La ciudad es también puerta de entrada a un territorio extraordinariamente rico en patrimonio fortificado. A pocos kilómetros se extiende un rosario de aldeas históricas y castillos de frontera, entre los que se cuentan Linhares da Beira, asomada al valle del Mondego, y Belmonte, cuna de Pedro Álvares Cabral y de una de las comunidades criptojudías más persistentes de Europa. Inserta en la región Centro, Guarda articula así su identidad urbana con un paisaje de granito, sierra y memoria de frontera que la convierte en uno de los lugares más singulares del interior portugués.

Preguntas frecuentes

¿Por qué Guarda es conocida como la ciudad más alta de Portugal?
Guarda se sitúa a unos 1056 metros de altitud, en la vertiente nordeste de la Serra da Estrela, lo que la convierte en la ciudad continental portuguesa de mayor altitud. Esta posición elevada explica también su clima riguroso y su papel defensivo histórico en la frontera de la Beira.
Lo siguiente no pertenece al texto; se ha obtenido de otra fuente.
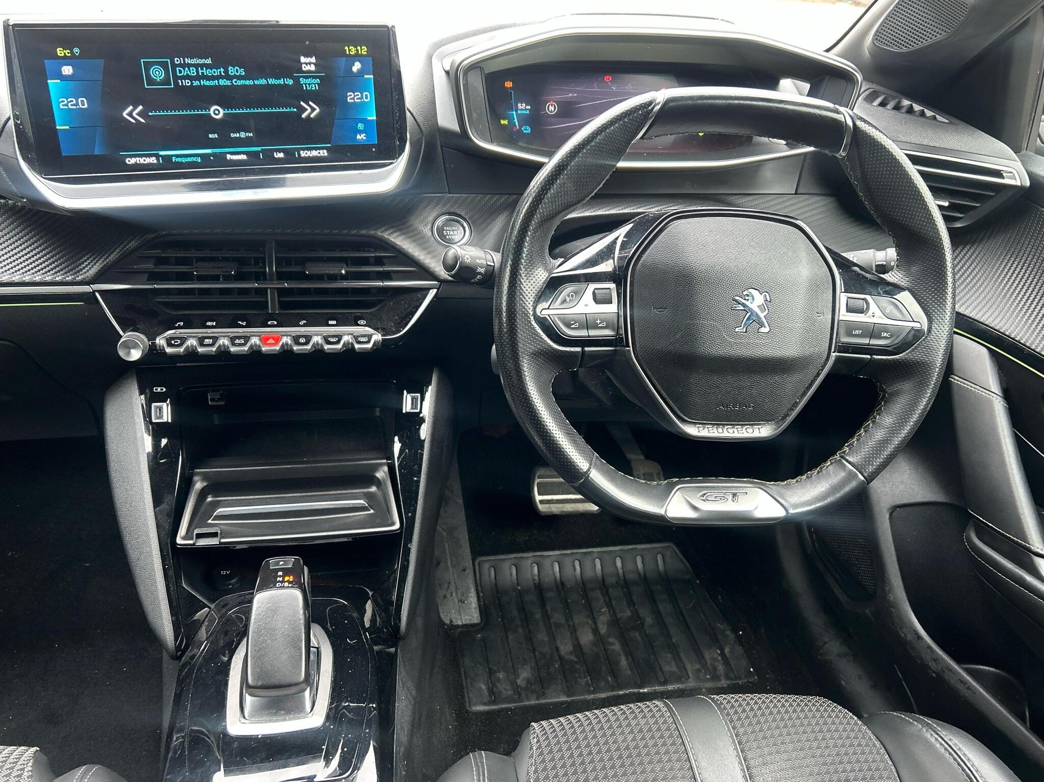 12V Power Socket, 17in Alloy Wheels - Shaw - Diamond Cut Two-Tone, 6-Speaker Radio - MP3 Compatible, 7KW Monophase On Board Charger, 8-Colour Customisable Ambient Lighting, ABS with Electronic Brake Force Distributor EBD and Emergency Brake Assist EBA, AVAS - Acoustic Vehicle Alerting System, Active Safety Brake - Night Function - Cyclists - Pedestrians, Airbags - Adaptive Driver and Front Passenger, Airbags - Driver and Front Passenger Side, Alarm - Thatcham Category 1 Approved, Automatic Door Locking When Moving Off, Automatic Dual Zone Climate Control, Automatic Hazard Light Activation Upon Heavy Brake Application, Blind Spot Monitoring, Bluetooth Telephone Facility, Carpet Mats, Central Front Armrest with Storage Compartment, Child Locking Functionality on Rear Doors, DAB - Digital Audio Broadcasting, Dark Tinted Rear Side and Tailgate Windows, Dashboard - Front and Rear Door Panel Finish - Carbon Effect, Deadlocking, Diamond Black Roof, Dichroic Badging including - Front Lion - E Monogram on C Pillar and Tailgate, Door Mirror Shells - Nera Black, Driver Attention Warning, Driver and Front Passenger Seat Mechanical Height Adjustment, Driver and Front Passenger Sport Seats, ESP - Electronic Stability Programme with Hill Start Assist, Electric - Heated and Power Folding Door Mirrors, Electric Parking Brake, Electric Power Steering with Reach and Rake Adjustable Steering Column, Electronic Code Immobiliser, Exterior Door Handles - Body-Colour, Exterior Temperature Indicator with Ice Warning, Frameless Electrochrome Rear View Mirror, Front Optimised Safety Headrests and Rear Retractable Headrests - x3 - Height-Adjustable, Front Three-Point Retractable Seatbelts with Force Limiters, Front USB Socket x2 including x1 USB-C, Full LED Headlights with Smartbeam Assist, GT Model Designation Badging on Tailgate, Gear Lever - Full Grain Leather and Satin Chrome, Gloss Black B Pillar, Gloss Black Rear Cluster Connecting Strip, Gloss Black Wheel Arch Extensions, Gloss Black Window Surround, Headlights Left On Audible Warning, High Centre Console with 2 Cup Holders, ISOFIX Child Seat Fittings - x2 - Second Row, ISOFIX with Top Tether on Passenger Seat, LED Daytime Running Lights - 3-Claw Headlight with Distinctive Tooth Design, LED Front Interior Light with Reading Spotlights -x2- and Rear Interior Light with Timer, LED Side Indicator Lights Integrated into Door Mirrors, Lane Keeping Assist, Lime Green Contrast Stitching to Armrest - Front Centre Console - Door Panels - Dashboard Fascia, Map Pockets on Front Seat Backs, Mirror Screen - Apple CarPlay and Android Auto, Mistral Full-Grain Perforated Leather Steering Wheel with Aikinite Stitch Detail and Satin Chrome GT Emblem, Mode 3 Type 2 Cable for Wallbox Charging, Model Designation Badges - Front and Rear, Multifunction Trip Computer, One-Touch Electric Front Windows with Pinch Protection, One-Touch Electric Rear Windows with Pinch Protection, PEUGEOT 3D i-Cockpit - Configurable 3D Head-Up Instrument Panel, PEUGEOT Scuff Plates, PEUGEOT i-Cockpit 10in Capacitive Colour Touchscreen with Connected 3D Navigation includes TomTom Live Updates (3 Year Subscription From New), PEUGEOT i-Cockpit Compact Steering Wheel, Peugeot Connect SOS and Assistance, Piano Keys - Gloss Black Plated Toggle Switches to Access Main Functions of Vehicle, Pre-Heating Functionality, Programmable Cruise Control and Speed Limiter, Puncture Kit, Push Button Start, Radiator Grille - Dark Chrome Chequered and Gloss Black Edge Trim, Rear Bumper - Gloss Black Finish, Rear Full LED 3D Peugeot Signature Claw Effect Lights with Daylight Function, Rear Lower Bumper Gloss Black Diffuser Effect Trim, Rear Number Plate Lights x2, Rear Reversing Lights, Rear Spoiler - Diamond Black, Rear USB Socket x2, Rear Windscreen Wiper Triggered Automatically in Reverse Gear, Roof Lining - Mistral Black, Seatbelt Unfastened on the Move Audible and Visual Alert for Front and Rear Seats, Seating - Driver and Front Passenger Seat Manual Adjustment - Longitudinal and Back Rest Angle, Seating- 1-3 - 2-3 Folding Rear Seat, Smartphone Docking Station, Speed Limit Recognition and Recommendation, Tailgate with Heated Rear Windscreen and Wiper Blade, TomTom Live Services (3 Year Subscription from New), Tyre Pressure Sensors, Visibility Pack, Visio Park 1 - 180 Degree Colour Reversing Camera, Voice Recognition - Radio-Navigation-Telephony Features
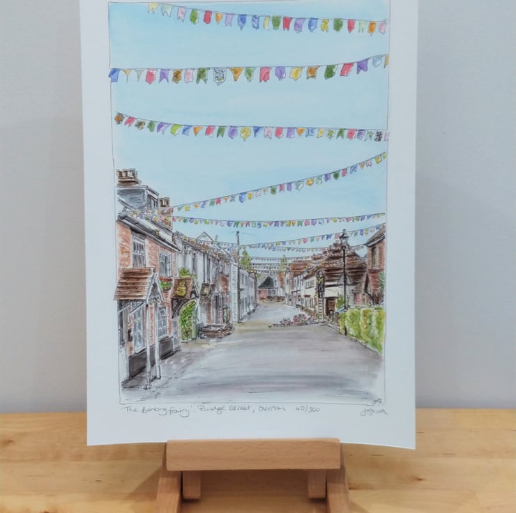 'The Bunting Fairy'.  Bridge Street, Overton - Limited Edition Art Print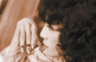 幾乎與話劇《琥珀》上映的同時,劉燁的寫真集也應景上市,其中一張三分之一側面的照片在網(wǎng)上引起了軒然大波。照片上的劉燁戴著長長的假睫毛,鬈鬈的假發(fā),指甲涂了蔻丹的手指夾著細煙,湊在光潤的唇邊,一個風塵味十足的嫵媚女人。如果不說,沒有人能看出那是雙料影帝劉燁。特別是那濃密睫毛的大眼睛,薄嘴唇倒很像歌壇天后王菲。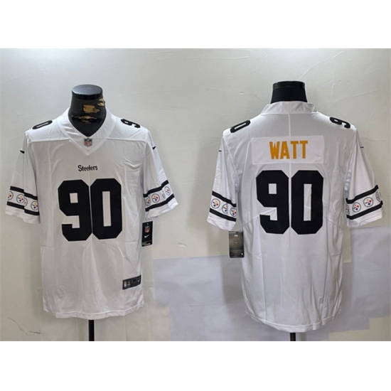 Men's Pittsburgh Steelers #90 T.J. Watt White 2019 Team Logo Cool Edition Stitched Jersey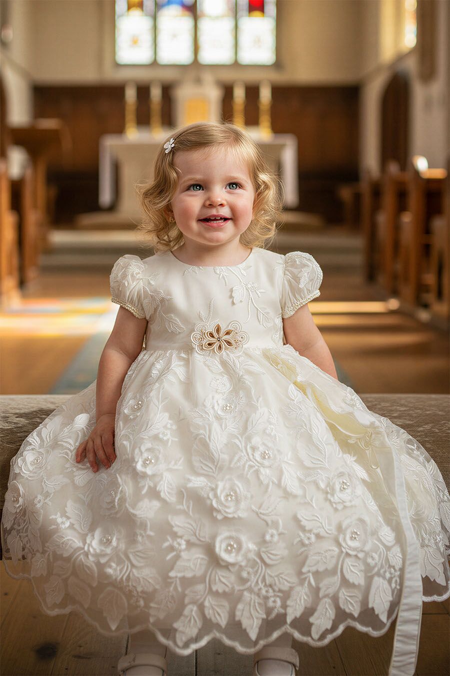 Baby girl’s short ivory baptism gown.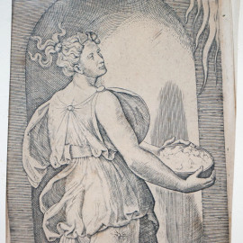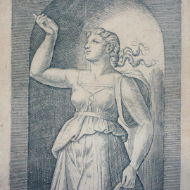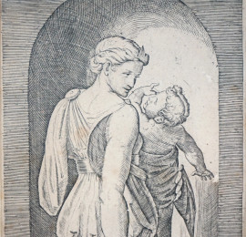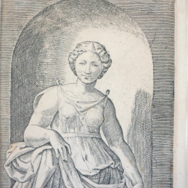 Quattro antiche stampe raffiguranti le Virtù cardinali e teologali, da Marcantonio Raimondi (1480-1534), cm 33x24, entro cornici, (difetti e macchie sulla carta)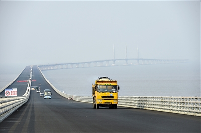 图为一辆运输沥青的工程车辆行驶在港珠澳大桥桥面上(4月29日摄) 新华社记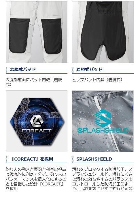 釣り人の動きを実釣と科学の視点で分析し、汚れをブロックする素材を選定した、COREACT採用ウェア。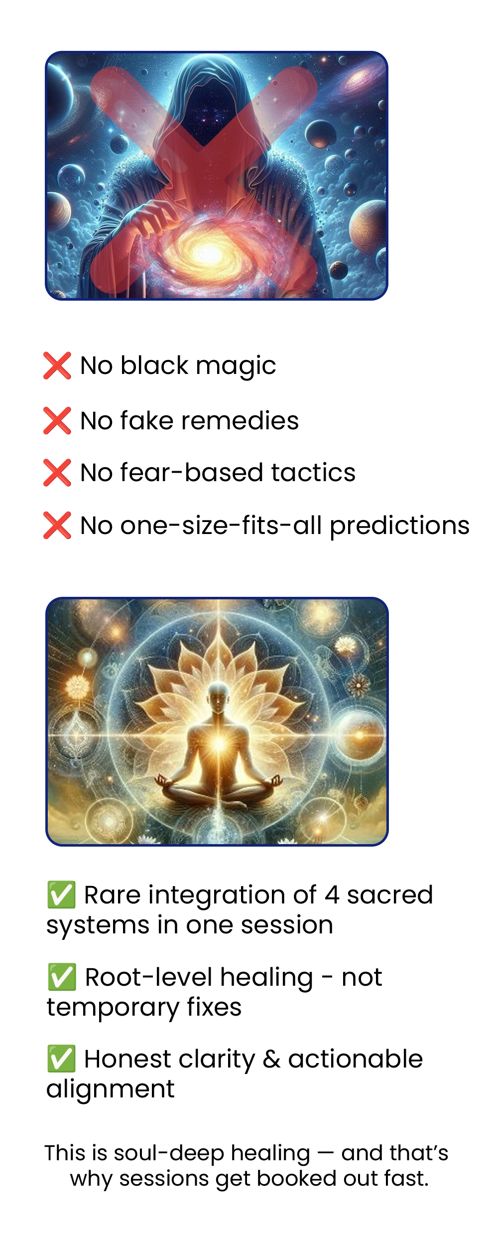 No. This combines 4 sacred sciences for root-level healing beyond predictions or talk therapy.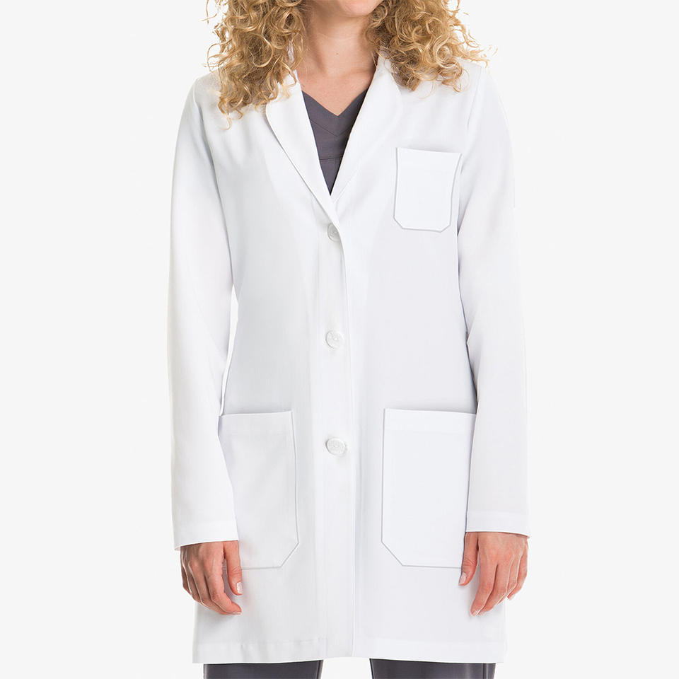 Material de algodón Multi-Bolsillos Uniforme de médico de manga larga Abrigo blanco médico personalizado para mujeres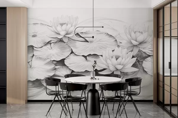 Water lilies and lily pads in a pond, black and white imitation of pencil drawing, detailed botanical illustration, nature art - Wall mural (No. w09006)
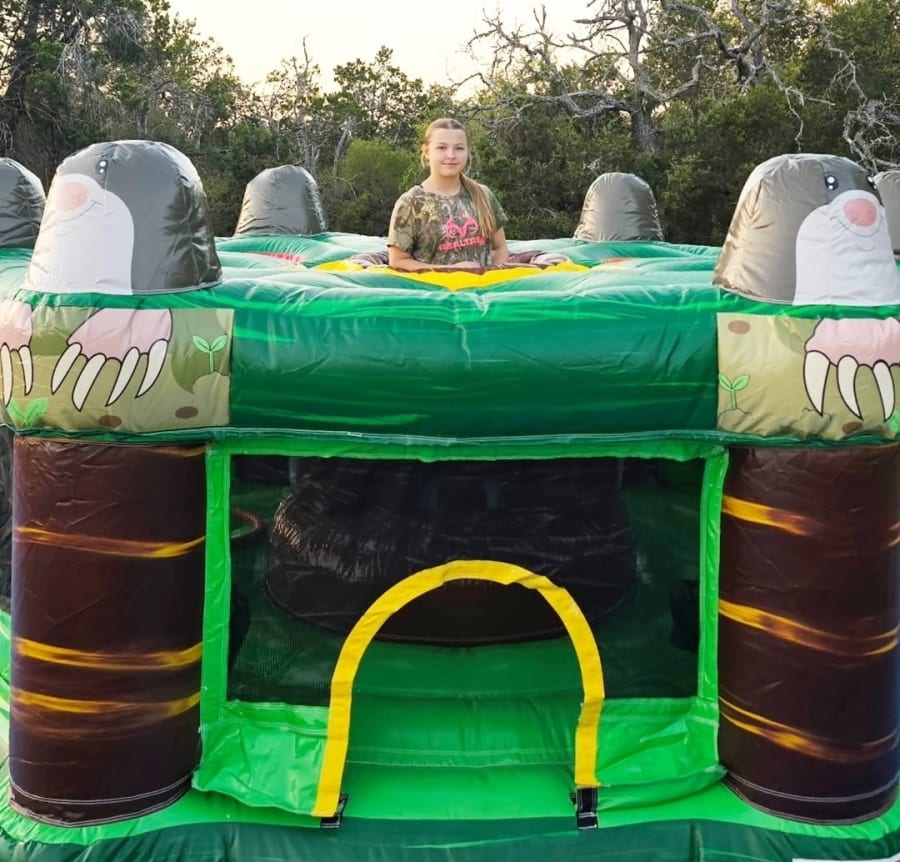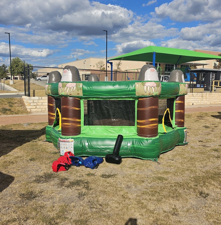 This interactive inflatable is even more fun than the original! Stand in the middle and bop 6 others with an inflatable hammer while they try and grab colored balls from you. Non stop entertainment!

¿Cuándo se fundó la ciudad de Guarda?
Guarda recibió su carta puebla (foral) del rey Sancho I en 1199, en el contexto de la consolidación de la frontera oriental del reino. La población cuenta, no obstante, con ocupación anterior, y su elevación a sede episcopal reforzó desde muy pronto su importancia regional.
¿Qué ver en Guarda en una visita al centro histórico?
Los puntos esenciales son la catedral gótica y manuelina, la antigua judería, la Torre dos Ferreiros, los lienzos de muralla y las puertas medievales como la Porta d'El-Rei, además de las plazas graníticas del casco antiguo.